* Problem requirements: None of the pictures should appear; the lines from the line containing "Selling a Fisher-Price" through the last line of the listing must be repeated exactly.

**** Data provided ****

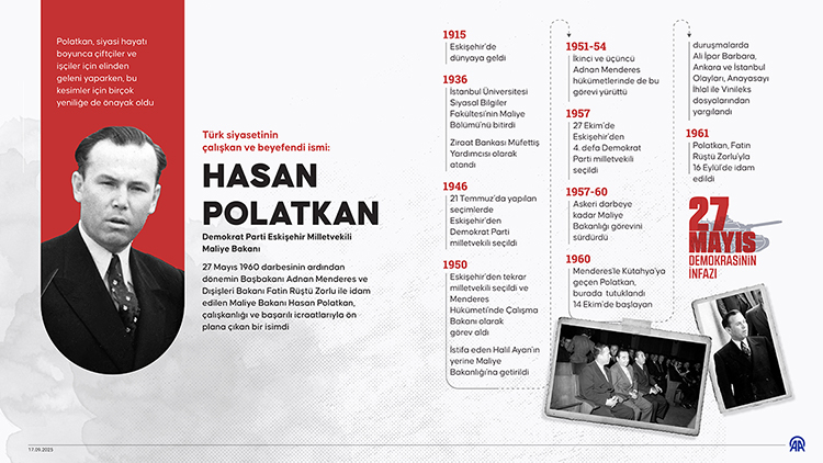 Türkiye demokrasi tarihine kara bir sayfa olarak geçen 27 Mayıs 1960 darbesinin ardından Yassıada’da yargılanarak idama mahkûm edilen Başbakan Adnan Menderes, Dışişleri Bakanı Fatin Rüştü Zorlu ve Maliye Bakanı Hasan Polatkan’ın ölümünün üzerinden 64 yıl geçti.
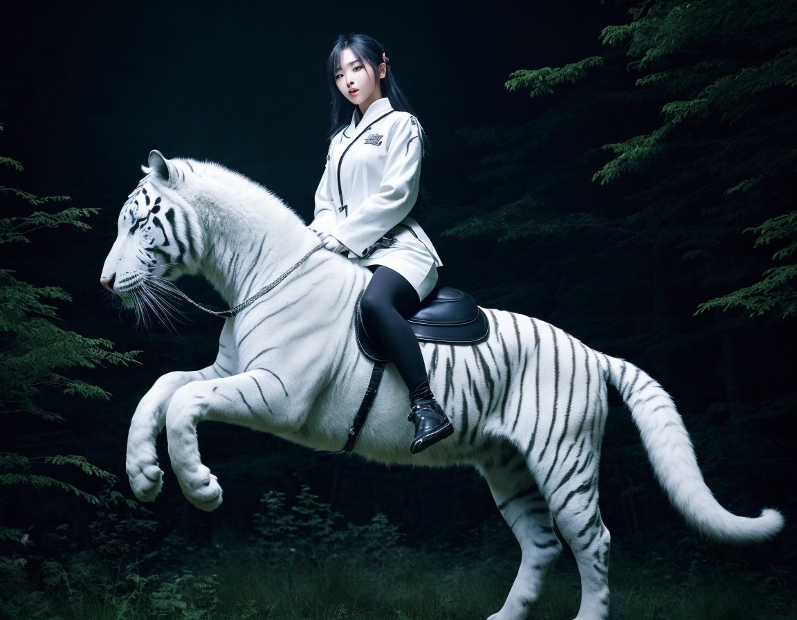 A gorgeous Korean K-Pop star riding on top of a beautiful white tiger in the middle of an ethereal forest at midnight.
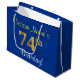 Elegant, Blue, Faux Gold 74th Birthday + Name Large Gift Bag
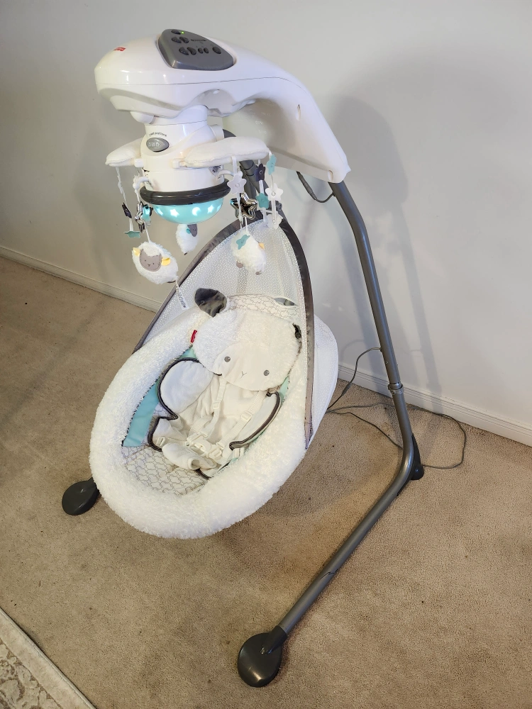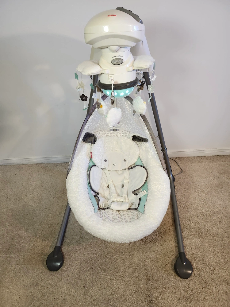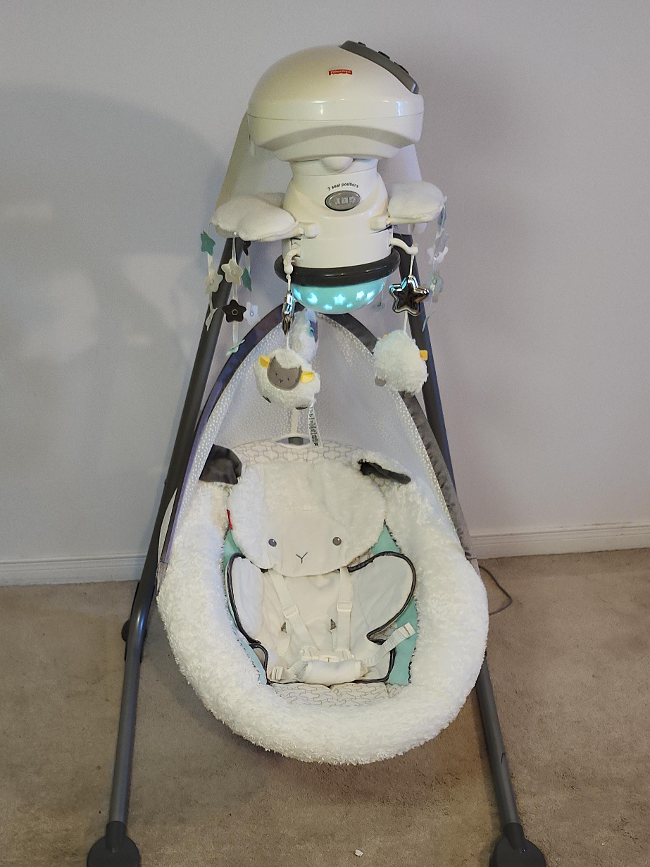 Selling a Fisher-Price Sweet Snugapuppy Dreams Cradle 'n Swing! It's perfect for soothing your little one with gentle motions and sounds. The swing features a cozy seat with a plush puppy insert and overhead mobile with soft toys to entertain baby. It has 3 seat positions several singles with control the sounds, Nature sounds, several speed for swing.Washable Cover Also has night light Pickup location Near Yonge and Sheppard
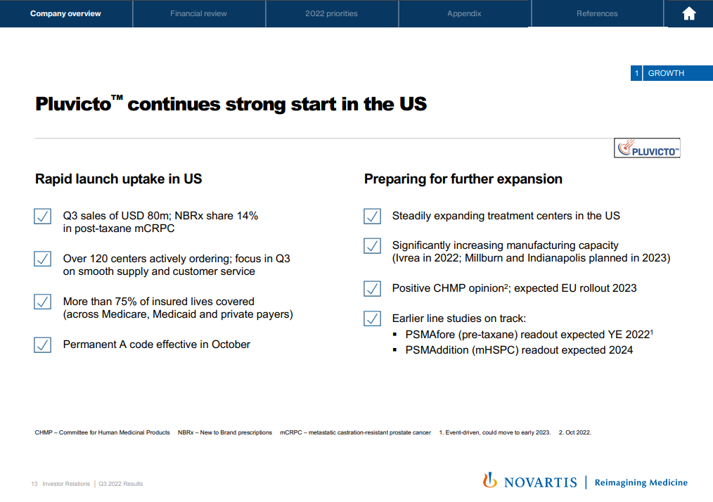 此外,已在美国和欧洲获批上市、用于治疗前列腺癌的靶向放射性同位素疗法Pluvicto(lutetium Lu 177 vipivotide tetraxetan),第三季度销售额达到8000万美元。
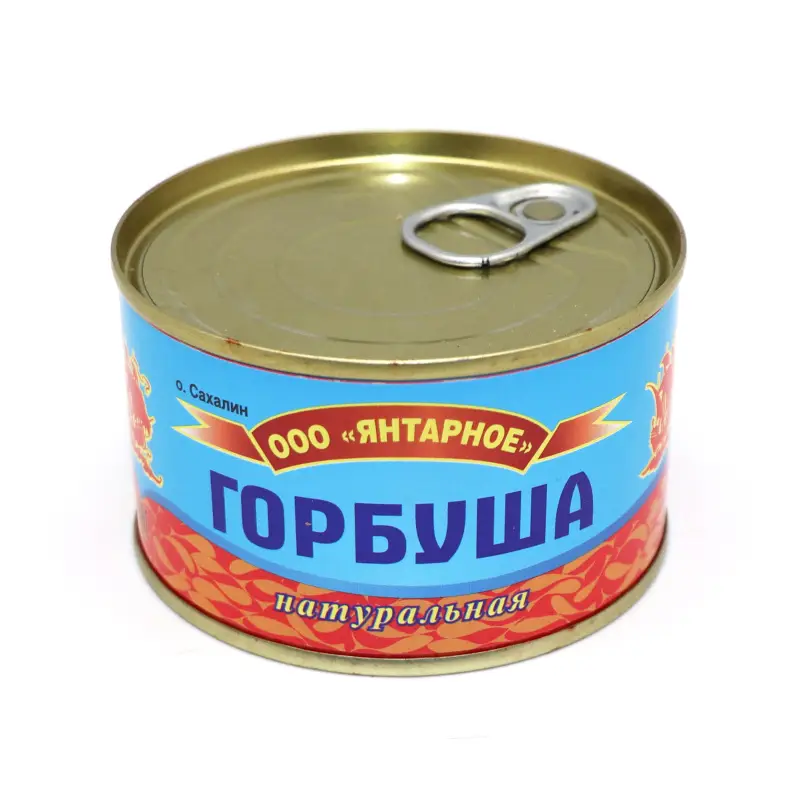 Горбуша натуральная ГОСТжест/банка ключ 225 гр /ЯНТАРНОЕ ТМ/

****

* Response to this exercise:
 Selling a Fisher-Price Sweet Snugapuppy Dreams Cradle 'n Swing! It's perfect for soothing your little one with gentle motions and sounds. The swing features a cozy seat with a plush puppy insert and overhead mobile with soft toys to entertain baby. It has 3 seat positions several singles with control the sounds, Nature sounds, several speed for swing.Washable Cover Also has night light Pickup location Near Yonge and Sheppard
 此外,已在美国和欧洲获批上市、用于治疗前列腺癌的靶向放射性同位素疗法Pluvicto(lutetium Lu 177 vipivotide tetraxetan),第三季度销售额达到8000万美元。
 Горбуша натуральная ГОСТжест/банка ключ 225 гр /ЯНТАРНОЕ ТМ/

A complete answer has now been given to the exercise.